_Problem details:_
Once the line containing "このたび、十士の会・女性の会" is found in the data below, repeat it and every later line exactly, leaving the pictures out.

_Supplied data:_
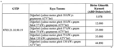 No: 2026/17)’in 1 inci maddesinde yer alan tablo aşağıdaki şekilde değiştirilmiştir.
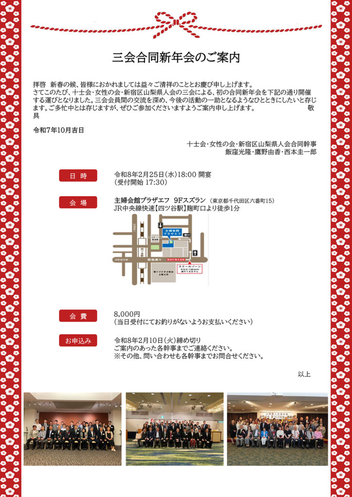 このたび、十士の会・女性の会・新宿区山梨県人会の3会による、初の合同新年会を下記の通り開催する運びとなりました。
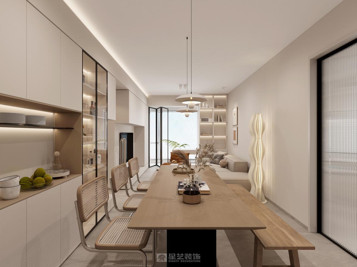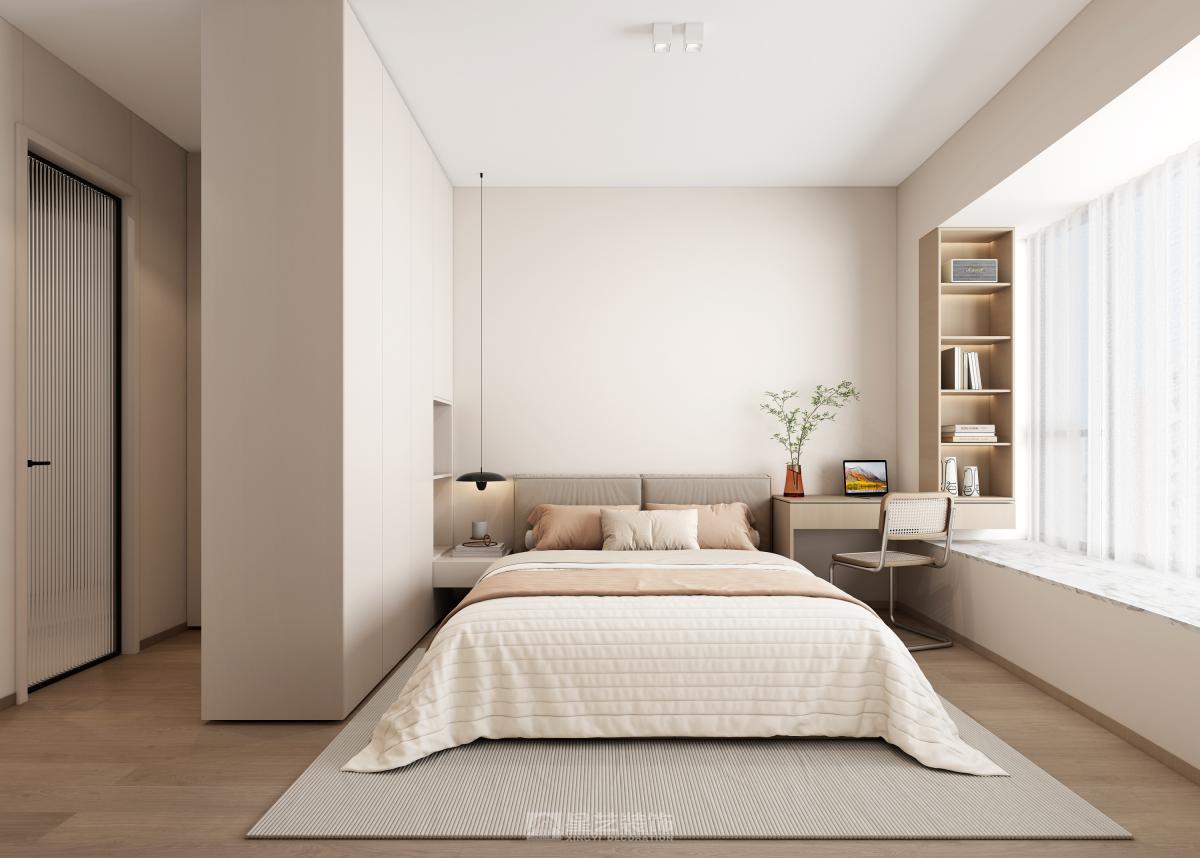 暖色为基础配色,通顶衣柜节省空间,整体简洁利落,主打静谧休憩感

_Result of the exercise:_
 このたび、十士の会・女性の会・新宿区山梨県人会の3会による、初の合同新年会を下記の通り開催する運びとなりました。
 暖色为基础配色,通顶衣柜节省空间,整体简洁利落,主打静谧休憩感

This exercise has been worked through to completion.